It was good to meet up again although the time spent at the terminal was brief. The clock was most definitely running on this ride, if we had a chance of getting round the island in time to catch the planned ferry we needed to be moving and not talking.
Brian was well prepared and knew the plan; we dumped our rucksacks into his boot and had a quick brief before heading off towards Cowes. The plan called for Brian to drive ahead to crucial junctions and indicate our route; he had taken the time to print a big black arrow to be held up for our benefit.
It was nice to be riding again after the hiatus of the ferry crossing; I was surprised at the amount of recovery in a reasonably short amount of time.
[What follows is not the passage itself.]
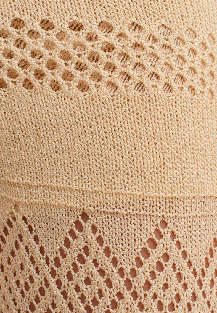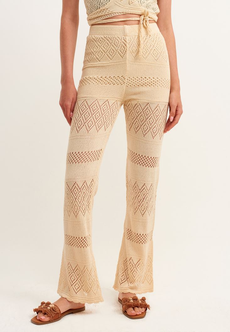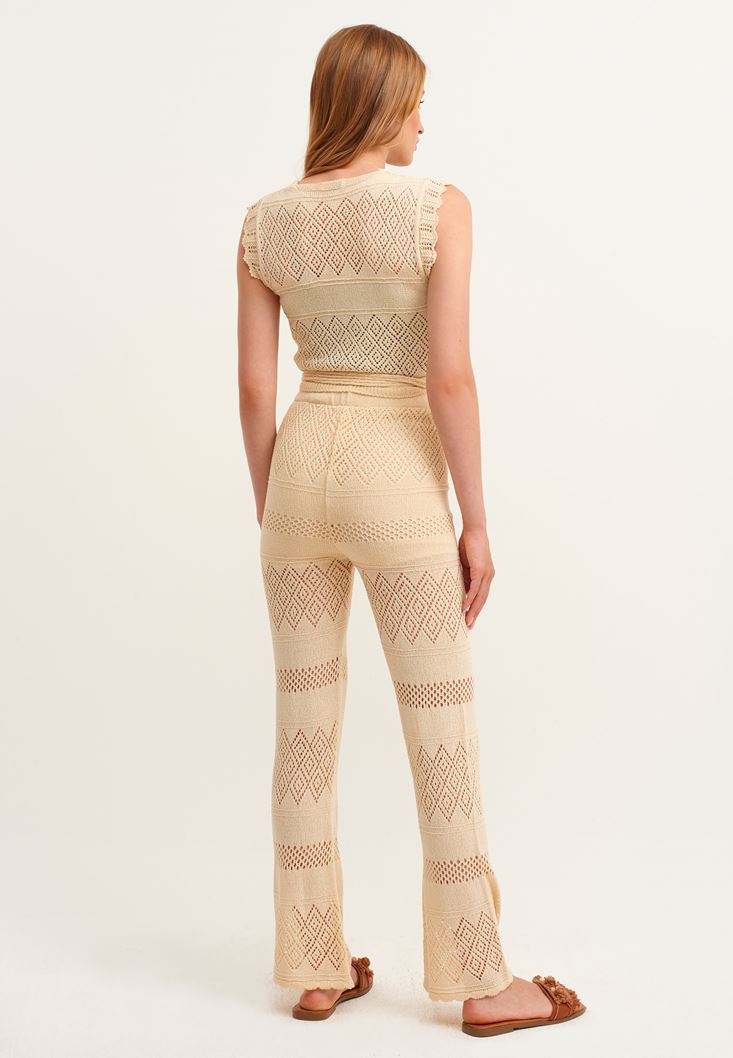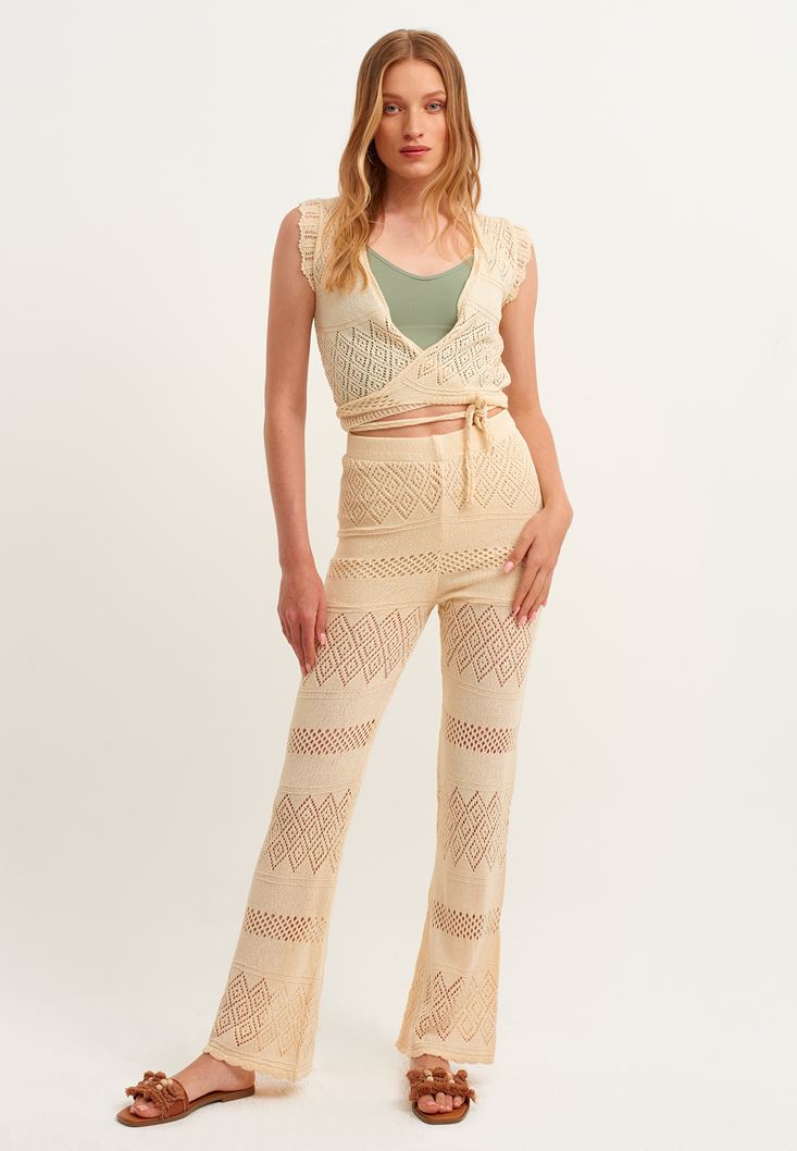 Ajurlu örme triko, beli lastikli ve ultra yüksek bel, şort formlu astar, flare paça, beden boyunca ajurlu motif detayı.

The ache in my neck and shoulders returned; on the mainland it had been insidious but now the discomfort came back quickly. At least it wasn’t getting any worse, it was just annoying.
I made a point of yelling out to the Phil and Mark when we passed a pub that I had eaten at during my recent holiday. It would be fair to say that I have eaten at quite a few pubs on the Isle of Wight so it was nothing remarkable. I was slightly embarrassed to realise the garden was full of punters and they had all looked up from their conversations when I had disturbed the peace.
Brian met us near Cowes and directed us to a hidden cycle path that would run the length of the River Medina towards Newport. The smooth surface and deserted feel to the path spurred us on; the odd runner and dog walker greeted us along the way but in the main it was free riding. Regrettably, the 10mph speed limit had to be ignored but we did slow down when approaching other path-users.
Newport suddenly appeared as did Brian. The Medina had narrowed down to a dead end dock and mud banks were visible on either side of the water. We took 5 minutes to eat and top up bottles; I had a small pork pie as a change from the sweet food I’d been eating. I have enjoyed pork pies at all sorts of events, mostly days out at cricket but I have been known to sneak the odd one on board for a ride. Phil asked if he could have one but, to my complete dismay, I realised I had only packed one. I was supposed to be good at food but I had failed miserably on this occasion.
We headed up towards Ryde, back on busy streets with building traffic. I’d dropped behind on one of the longish, shallow hills, when I caught up I realised that not all was well. Phil was gathering bits of Go Pro mount from the road after it has sheared off from its handle bar position. He was clearly very miffed, the camera had been a present from his mum and dad specifically to record the ride and now he had no way of mounting it let alone using it for the rest of the ride. Now was not the time for a smart comment, we ground on up the hill. I spoke with Mark about setting his Go Pro to capture our return to Wantage Market Place, at least we could put that footage up on the Facebook page, this would be no consolation to Phil though.
Ryde disappeared behind us to be replaced by Sandown, a fairly nondescript place that is always busy; we pushed on to leave it behind quickly. I was looking forward to Shanklin because it was an area of the Isle of Wight that I knew reasonably well, unfortunately, we approached it from an unfamiliar direction so my ‘local’ knowledge had less value than my pension fund. We pulled up at a T junction by the local church.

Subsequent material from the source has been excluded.